Abstract
Mycobacterium tuberculosis (Mtb), the causative agent of tuberculosis, is a bacterial pathogen that claims roughly 1.4 million lives every year. Current drug regimens are inefficient at clearing infection, requiring at least 6 months of chemotherapy, and resistance to existing agents is rising. There is an urgent need for new drugs that are more effective and faster acting. The folate pathway has been successfully targeted in other pathogens and diseases, but has not yielded a lead drug against tuberculosis. We developed a high-throughput screening assay against Mtb dihydrofolate reductase (DHFR), a critical enzyme in the folate pathway, and screened a library consisting of 32,000 synthetic and natural product-derived compounds. One potent inhibitor containing a quinazoline ring was identified. This compound was active against the wild-type laboratory strain H37Rv (MIC99 = 207 µM). In addition, an Mtb strain with artificially lowered DHFR levels showed increased sensitivity to this compound (MIC99 = 70.7 µM), supporting that the inhibition was target-specific. Our results demonstrate the potential to identify Mtb DHFR inhibitors with activity against whole cells, and indicate the power of using a recombinant strain of Mtb expressing lower levels of DHFR to facilitate the discovery of antimycobacterial agents. With these new tools, we highlight the folate pathway as a potential target for new drugs to combat the tuberculosis epidemic.
Highlights
Tuberculosis (TB) has a long history in humans, with evidence of TB-related deaths dating back to the 3rd century BC [1]
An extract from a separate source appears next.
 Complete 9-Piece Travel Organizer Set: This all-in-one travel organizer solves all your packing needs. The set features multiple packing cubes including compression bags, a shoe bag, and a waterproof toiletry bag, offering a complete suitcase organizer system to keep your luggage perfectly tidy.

Reduced folate is a critical nutrient in living organisms, and disruption of the folate pathway is widely exploited for chemotherapy [6,22]
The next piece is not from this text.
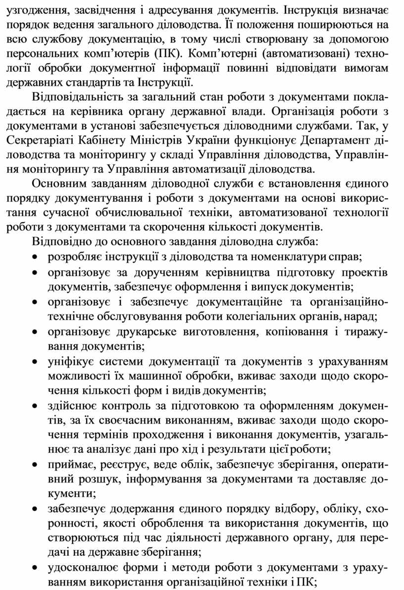 узгодження, засвідчення і адресування документів. Інструкція визначає порядок ведення загального діловодства. Її положення поширюються на всю службову документацію, в тому числі створювану за допомогою персональних комп’ютерів (ПК). Комп’ютерні (автоматизовані) техно- логії обробки документної інформації повинні відповідати вимогам державних стандартів та Інструкції.

The sensitivity of the wild-type Mycobacterium tuberculosis (Mtb) and dihydrofolate reductase (DHFR) kd was tested against various inhibitors and displayed as the ratio of a compound’s MIC99 when measured in wild-type Mtb over the MIC99 measured in DHFR kd in the absence of ATc. doi:10.1371/journal.pone.0039961.g004
Summary
Tuberculosis (TB) has a long history in humans, with evidence of TB-related deaths dating back to the 3rd century BC [1]. Roughly 1.4 million people die every year from TB [2], despite the availability of chemotherapies to combat the bacterium that causes this disease (Mycobacterium tuberculosis, Mtb). Several factors have led to new strains of Mtb that are resistant to many or sometimes all of the first and second line drugs [4]. Depending on the drug susceptibility of the infecting strain, patients must endure prolonged treatment with agents that are more expensive, more toxic, and difficult to administer. There have been increased efforts to develop new and improved therapeutics for tuberculosis, and this has led to a few promising drug candidates [5].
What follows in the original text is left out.